SQLite Store (.azs)
All session data lives in a single file: .azureal/sessions.azs. This is a
standard SQLite database using DELETE journal mode, accessible by any SQLite
client. The .azs extension is intentional – it discourages users from
casually browsing or editing the file, signaling that AZUREAL owns the format
and schema.
Lazy Creation
The store file is not created when you open a project. It is created
lazily on first use – specifically, when you create your first session.
Projects that have never had a session will not have a sessions.azs file
(though the .azureal/ directory may still exist for configuration files
like azufig.toml).
Session Numbering
Sessions are numbered sequentially: S1, S2, S3, and so on. These are display identifiers used in the session list and status bar. The numbering is simple and monotonic – there is no reuse of session numbers after deletion.
Schema
The database contains four tables:
sessions
The primary session record.
| Column | Type | Description |
|---|---|---|
id | INTEGER | Primary key, auto-incremented |
name | TEXT | User-assigned session name (or default “Sn”) |
worktree | TEXT | Path to the git worktree this session belongs to |
created | TEXT | ISO 8601 timestamp of session creation |
completed | INTEGER | Boolean success flag (1 = success, 0 = failure, NULL if still active) |
duration_ms | INTEGER | Total session duration in milliseconds |
cost_usd | REAL | Accumulated cost in USD (populated on completion) |
last_claude_uuid | TEXT | UUID of the last Claude JSONL session file (for orphan recovery) |
events
Every prompt, response, tool call, and tool result is stored as an event.

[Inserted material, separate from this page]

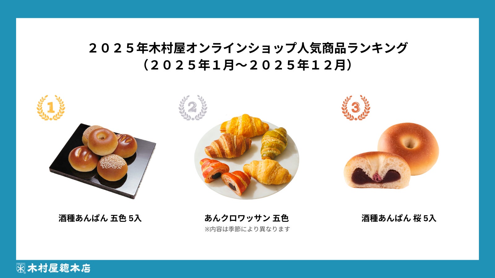今年も多くのお客様にご愛顧いただきました。木村屋オンラインショップでは、伝統の酒種あんぱんをはじめ、素材にこだわった多彩な商品ラインナップに、日頃より温かいご支持をいただいております。2025年の人気商品TOP3を通じて、皆さまの日常寄り添う木村屋の味わいを改めてご紹介いたします。年末のご挨拶のお手土産や、2026年お年賀ギフトにも是非ご利用ください。

| Column | Type | Description |
|---|---|---|
id | INTEGER | Primary key, auto-incremented |
session_id | INTEGER | Foreign key to sessions.id (with cascade delete) |
seq | INTEGER | Sequence number within the session (monotonically increasing) |
kind | TEXT | Event type (e.g., UserMessage, AssistantText, ToolCall, ToolResult, Complete) |
data | TEXT | Zstd-compressed JSON event payload (stored as blob despite TEXT type) |
char_len | INTEGER | Character length of the original (uncompressed) event data |
A unique constraint on (session_id, seq) prevents duplicate events.
compactions
Compaction summaries that replace older event ranges.

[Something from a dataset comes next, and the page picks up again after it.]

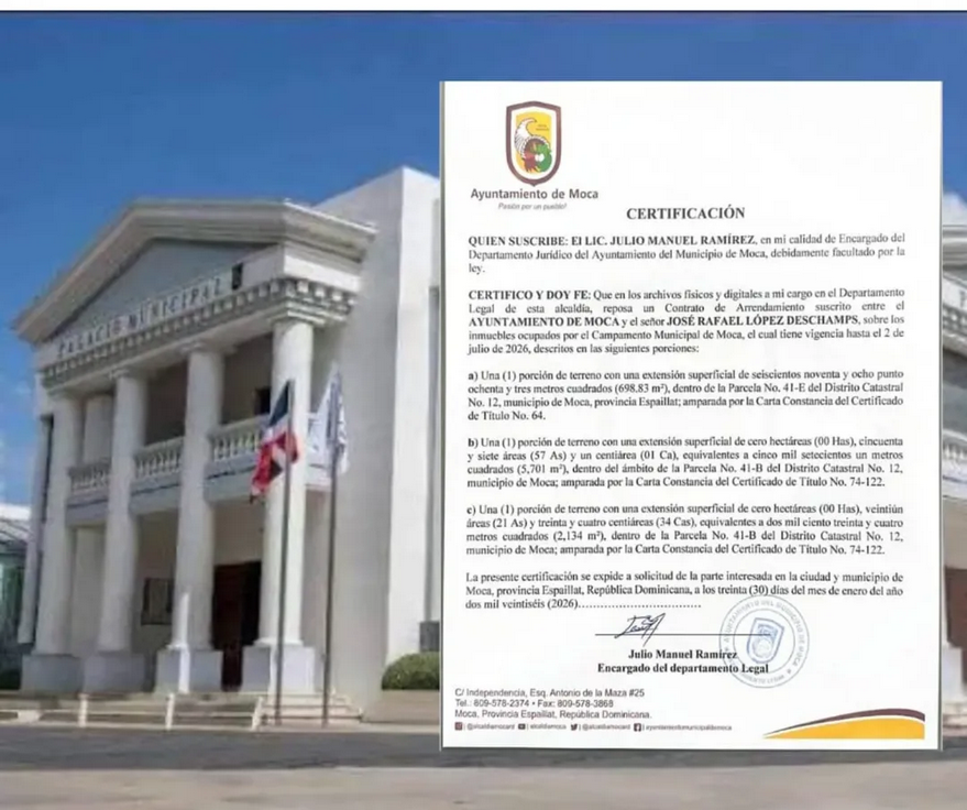 Esta corporación edilicia certifica de manera oficial que dicha propiedad no es patrimonio municipal, sino que se trata de un inmueble arrendado legítimamente a su propietario, el señor JOSÉ RAFAEL LÓPEZ DESCHAMPS. El uso de este espacio por parte de la municipalidad se sustenta en un acuerdo de arrendamiento vigente, cumpliendo con los procedimientos administrativos correspondientes.

| Column | Type | Description |
|---|---|---|
id | INTEGER | Primary key, auto-incremented |
session_id | INTEGER | Foreign key to sessions.id (with cascade delete) |
after_seq | INTEGER | The sequence number after which events were compacted |
summary | TEXT | The 2000–4000 character compaction summary |
created | TEXT | ISO 8601 timestamp of when the compaction was stored |
meta
Key-value store for runtime state and schema versioning.
| Column | Type | Description |
|---|---|---|
key | TEXT | Metadata key |
value | TEXT | Metadata value |
The primary key stored here is schema_version, which tracks the database
schema version for migrations. Other runtime state such as the active session
ID and PID-to-session mappings are held in memory on the App struct, not
persisted to the database.
Event Storage and Compaction
Events are not stored verbatim from the agent’s JSONL output. Before
serialization, append_events() applies compact_event() to each event,
which reduces storage size by truncating event content to match what the UI
actually renders:
ToolResult Truncation
| Tool | Truncation Rule |
|---|---|
| Read | First line + last line only |
| Bash | Last 2 lines only |
| Grep | First 3 lines only |
| Glob | File count only (individual paths discarded) |
| Task | First 5 lines only |
| Default (all others) | First 3 lines |
ToolCall Input Stripping
Tool call inputs are stripped down to their key field only. Two exceptions:
- Edit – preserved in full, because the session pane renders diffs from
the
old_stringandnew_stringfields. - Write – summarized rather than stored verbatim, since file contents can be arbitrarily large.
This compaction is applied at ingestion time, not at query time. The stored events are already in their compact form.
Completion Persistence
When an agent process sends a Complete event, AZUREAL calls
mark_completed(session_id, duration_ms, cost_usd) on the store. This
populates the completed, duration_ms, and cost_usd columns in the
sessions table.
The session list in the UI reads these fields to render completion badges:
- Green check – session completed successfully.
- Red X – session completed with a failure status.
Sessions that have not yet completed (or are still active) show no badge.